Teller slain outside bank Woman killed, man wounded in incidents today.

July 11, 1991|By William B. Talbott and Joe Nawrozki | William B. Talbott and Joe Nawrozki,Evening Sun Staff Robert Hilson Jr., Edward L. Heard and Meredith Schlow contributed to this article.

The chief teller of a bank branch in West Baltimore was shot dead today while sitting in her van on the parking lot of the bank in the 500 block of N. Franklintown Road.

The teller, identified by police as Phyllis Hornfeck, 60, an employee of Maryland National Bank, was sitting in her Plymouth minivan about 8 a.m. when a Mazda drove up and an occupant got out and fired two shots from a large-caliber handgun through the woman's right front window.

Police said the victim was wounded in the right side of her head and the right side of her torso. When found, Hornfeck's left leg was out of the van's open door.

Her purse and keys, including one to the bank, were found in the victim's vehicle.

The shooting at the bank was the second of the morning in the city. Police were investigating an unrelated incident that occurred about 6:30 a.m. in which a man was chased for several blocks by five gunmen who fired a volley of at least 17 shots at him before critically wounding him in the face and neck.

In the killing of the teller, Police were investigating the possibility either a bystander or accomplice also was hit by the gunfire. A man wearing a multi-colored beanie with a propeller was seen bending over and clutching his abdomen seconds after the shooting. He fled the scene, police said.

The Mazda, which police believe was stolen, was seen leaving the parking lot of the bank followed by a blue van. The Mazda was recovered several blocks away on Lauretta Avenue near Evergreen Street

The victim's vehicle and the Mazda were towed to police headquarters where they were checked for fingerprints.

The FBI was also brought into the investigation since investigators believe the killing might have been related to a bank robbery attempt, a federal crime.

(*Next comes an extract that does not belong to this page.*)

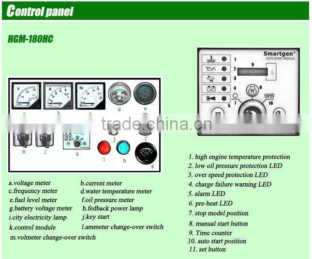 failure by LED on the front panel, Such as Over speed, Low oil pressure, High water
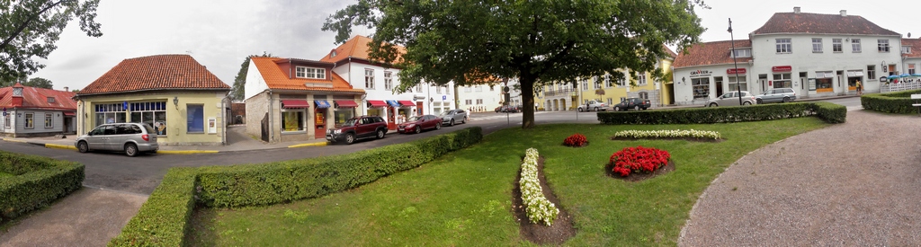 Erdvės tarp namų išties įdomios. O panoramos horizontas kažkaip pasviręs - kairėje žemiau nei dešinėje pusėje. Žvilgtelt ir prisimint kaip atrodo Kuressarės gatvė buvo smalsu. Gal turi šio miestelio gatvės fotkę, kur žiedinė sankryža? To žiedo centre gražios gėlės auginamos...

Bank officials told police it was Hornfeck's habit to arrive every day at the bank branch about 8 a.m. and wait in her van on the bank parking lot for another employee. Hornfeck and the other unidentified worker would then unlock the doors. The bank opens for business at 9 a.m.

Officials from the bank would not comment on the shooting.

Hornfeck's death shocked her neighbors, in the 400 block of Bathurst Road, who read or heard about the killing.

One neighbor, who asked not to be identified, recalled she had at least one son "and lots of grandchildren. She was real friendly, always talked to people."

Another neighbor described the Hornfecks as "a lovely, tight-knit family. They constantly seemed to have their grandchildren there at their house."

Another resident of Bathurst Road, a retiree, said she only talked occasionally with Hornfeck. "But oh what a shock, what a terrible shock."

Today's other shooting victim, Eugene Williams, 29, was in critical condition at the University of Maryland Medical Center in Baltimore.

According to Teresa Schaefer, owner of the Right Place Bar in the 1800 block of W. Pratt St., Williams staggered into her bar about 6:30 a.m.

Schaefer said Williams was bleeding profusely from the mouth and had also been shot in the nose.

She said the wounded man wandered back and forth in her bar in a daze while she called the 911 emergency number for an ambulance.

Suddenly, she said, Williams, sitting at the front door, looked outside and muttered "Aw, here they come after me come again."

Schaefer said she saw five men coming down the street toward Williams but they broke and ran when police cars arrived.

"This is nothing but a drug neighborhood, point blank," Schaefer said. "They don't care up here."

A woman believed to be the girlfriend or sister was also shot at by one of the gunmen. She was not injured.